Assignment - The range to reproduce runs from the line containing "Spotify TOP SONGS" through the last line of the listing below; give exactly those lines and no others.
▽
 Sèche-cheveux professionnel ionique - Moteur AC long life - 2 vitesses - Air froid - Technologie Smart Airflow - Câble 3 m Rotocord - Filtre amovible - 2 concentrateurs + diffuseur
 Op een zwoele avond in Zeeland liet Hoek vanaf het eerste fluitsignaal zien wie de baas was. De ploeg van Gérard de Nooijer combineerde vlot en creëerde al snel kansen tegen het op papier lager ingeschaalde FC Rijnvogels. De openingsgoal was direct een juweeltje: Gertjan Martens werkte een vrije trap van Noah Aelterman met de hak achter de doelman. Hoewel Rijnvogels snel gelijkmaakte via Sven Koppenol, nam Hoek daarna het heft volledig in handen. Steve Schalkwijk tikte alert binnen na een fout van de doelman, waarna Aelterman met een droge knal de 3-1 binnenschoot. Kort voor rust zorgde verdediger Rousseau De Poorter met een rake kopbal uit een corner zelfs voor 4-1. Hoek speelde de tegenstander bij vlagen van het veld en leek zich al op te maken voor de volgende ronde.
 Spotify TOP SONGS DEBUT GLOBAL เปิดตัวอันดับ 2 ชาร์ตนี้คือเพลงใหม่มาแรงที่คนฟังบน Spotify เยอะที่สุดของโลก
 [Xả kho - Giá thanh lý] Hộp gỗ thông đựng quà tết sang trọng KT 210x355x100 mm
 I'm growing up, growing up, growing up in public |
△
Solution to this task -
 Spotify TOP SONGS DEBUT GLOBAL เปิดตัวอันดับ 2 ชาร์ตนี้คือเพลงใหม่มาแรงที่คนฟังบน Spotify เยอะที่สุดของโลก
 [Xả kho - Giá thanh lý] Hộp gỗ thông đựng quà tết sang trọng KT 210x355x100 mm
 I'm growing up, growing up, growing up in public |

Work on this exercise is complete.